前回まで、FuelPHPを題材にして、MVCという構成について勉強しました。
FuelPHPで勉強するMVC - Controller編 - きまブログ
FuelPHPで勉強するMVC - View編 - きまブログ
FuelPHPで勉強するMVC - Model編 - きまブログ


これは、過去にPHP4(!)でvi(!)でベタ書き(!)で作ってきたウェブアプリであれば、
どのようにフレームワークベースに置き換えていけるか?
という視点から「改造」をベースに考えてきたからです。


でも、フレームワークの魅力は、コードの自動生成のようです。
FuelPHPの場合、これを「oil generate 〜コマンド」で実現します。

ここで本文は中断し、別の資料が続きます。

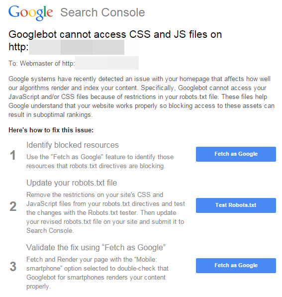 Einfacher ausgedrückt: Google hat Ihre Website neu eingelesen, um herauszufinden, ob sie für mobile Geräte passend ist. Wenn Google beim Einlesen Schwierigkeiten hatte, haben Sie eine E-Mail erhalten. Die sieht wahrscheinlich so aus (oder auf deutsch):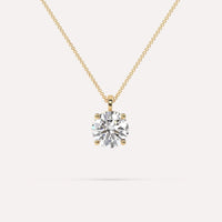 Classic 3 carat simple diamond pendant necklace for women, set with a high brilliance white and eye clean natural diamond in solid 14K yellow gold.

そこで、oilコマンドで生成されるコードの意味が分かるように、
いままでの学習の「補習」をしてみました。
今回は、MVCの構造ではなく、FuelPHPの構造のお勉強です。

手書きからコード自動生成へ - Controller編

とりあえず、実行してみます。
コマンドを叩くのは、oilが置いてあるプロジェクトの一番上のディレクトリです。
それ以外だと、なんか知らんエラーが出ます。。(これもナゾ。。)

$ oil generate controller ffff action1 action2
Creating view: /home/kima/test_app/fuel/app/views/template.php
Creating view: /home/kima/test_app/fuel/app/views/ffff/action1.php
Creating view: /home/kima/test_app/fuel/app/views/ffff/action2.php
Creating controller: /home/kima/test_app/fuel/app/classes/controller/ffff.php

4つのファイルを生成してくれました。
これを解析していきます。
まず、コントローラーから。

/fuel/app/classes/controller$ cat ffff.php 
<?php

class Controller_Ffff extends Controller_Template
{

	public function action_action1()
	{
		var_dump($this->template);
		$data["subnav"] = array('action1'=> 'active' );
		$this->template->title = 'Ffff &raquo; Action1';
		$this->template->content = View::forge('ffff/action1', $data);
		var_dump($this->template);
	}

	public function action_action2()
	{
		$data["subnav"] = array('action2'=> 'active' );
		$this->template->title = 'Ffff &raquo; Action2';
		$this->template->content = View::forge('ffff/action2', $data);
	}

}

いままでの学習から違うこと。

  1. 継承されるクラスは「Controller_Template」となったこと。
  2. action_actionX()メソッドにある、$data[“subnav”]とは?
  3. action_actionX()メソッドにある、$this->template->titleとは?
  4. action_actionX()メソッドにある、$this->template->contentとは?
Controller_Templateクラスとは?

場所:/fuel/core/classes/controller/template.php
従来のControllerクラスにbeforeメソッドとafterメソッドを追加したクラスです。
これらは、それぞれaction_*()メソッドを実行する前と後に自動的に実行されるメソッドみたい。


・before()メソッド
あらかじめ出力用の変数 $this->templateへ、
(生成された) /fuel/app/views/template.php を保存しておいてくれる。


・action_actionX()メソッド

ffff/action1.php で埋め込まれる $subnav に値を代入する。
template.php で埋め込まれる$titleと$content に値を代入する。
(この仕組みは、下記の マジックメソッド参照)


・after()メソッド
Ffffクラスでの処理を加えた、$this->template をreturnする。
だから、Ffffクラスであえて、View::forge()しなくても表示される。と思う。

PHP - マジックメソッドとは?

なぞ。
ホントにあってるかもナゾですが。。一応。。

$this->template->title = “something

titleなんて、プロパティはどこにもないぞ。
こんなことしたら、エラーになるんじゃない?

というわけで、$this->template->title = “something” を読み解いていきます。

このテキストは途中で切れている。